TASK ITEM: Pictures in the records below are skipped; the rest is copied exactly.

PROVIDED RECORDS:
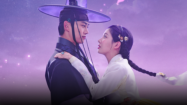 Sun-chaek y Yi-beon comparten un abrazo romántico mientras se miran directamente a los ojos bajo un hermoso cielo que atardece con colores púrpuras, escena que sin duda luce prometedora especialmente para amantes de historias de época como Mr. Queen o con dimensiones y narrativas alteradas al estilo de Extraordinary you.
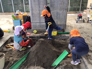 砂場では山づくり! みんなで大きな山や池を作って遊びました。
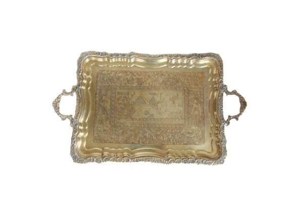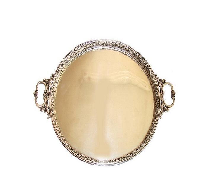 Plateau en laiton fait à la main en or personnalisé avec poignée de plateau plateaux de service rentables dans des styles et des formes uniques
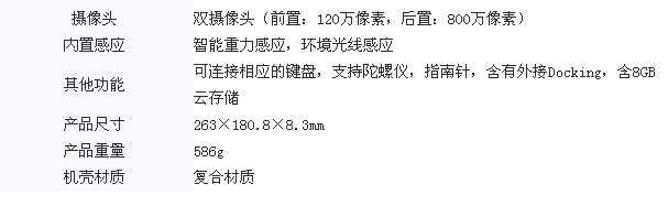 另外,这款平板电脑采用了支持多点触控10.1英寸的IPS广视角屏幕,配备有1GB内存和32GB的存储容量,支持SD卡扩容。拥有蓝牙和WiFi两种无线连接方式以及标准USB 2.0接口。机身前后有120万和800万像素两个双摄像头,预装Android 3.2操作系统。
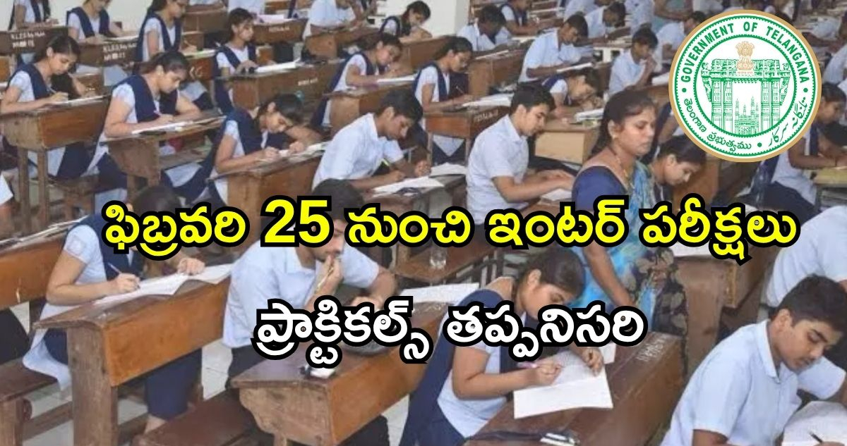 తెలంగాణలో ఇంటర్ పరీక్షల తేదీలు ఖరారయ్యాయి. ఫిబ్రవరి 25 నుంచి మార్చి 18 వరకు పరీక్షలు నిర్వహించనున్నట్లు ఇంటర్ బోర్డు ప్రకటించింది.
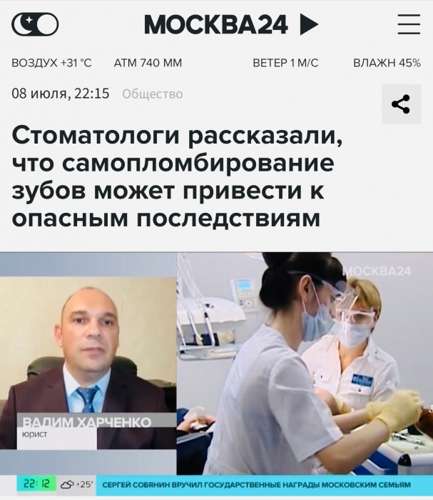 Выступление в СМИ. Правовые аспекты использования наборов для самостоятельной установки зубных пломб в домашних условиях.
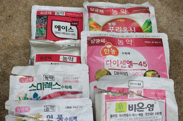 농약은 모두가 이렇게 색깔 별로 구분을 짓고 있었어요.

TASK RESPONSE:
 Sun-chaek y Yi-beon comparten un abrazo romántico mientras se miran directamente a los ojos bajo un hermoso cielo que atardece con colores púrpuras, escena que sin duda luce prometedora especialmente para amantes de historias de época como Mr. Queen o con dimensiones y narrativas alteradas al estilo de Extraordinary you.
 砂場では山づくり! みんなで大きな山や池を作って遊びました。
 Plateau en laiton fait à la main en or personnalisé avec poignée de plateau plateaux de service rentables dans des styles et des formes uniques
 另外,这款平板电脑采用了支持多点触控10.1英寸的IPS广视角屏幕,配备有1GB内存和32GB的存储容量,支持SD卡扩容。拥有蓝牙和WiFi两种无线连接方式以及标准USB 2.0接口。机身前后有120万和800万像素两个双摄像头,预装Android 3.2操作系统。
 తెలంగాణలో ఇంటర్ పరీక్షల తేదీలు ఖరారయ్యాయి. ఫిబ్రవరి 25 నుంచి మార్చి 18 వరకు పరీక్షలు నిర్వహించనున్నట్లు ఇంటర్ బోర్డు ప్రకటించింది.
 Выступление в СМИ. Правовые аспекты использования наборов для самостоятельной установки зубных пломб в домашних условиях.
 농약은 모두가 이렇게 색깔 별로 구분을 짓고 있었어요.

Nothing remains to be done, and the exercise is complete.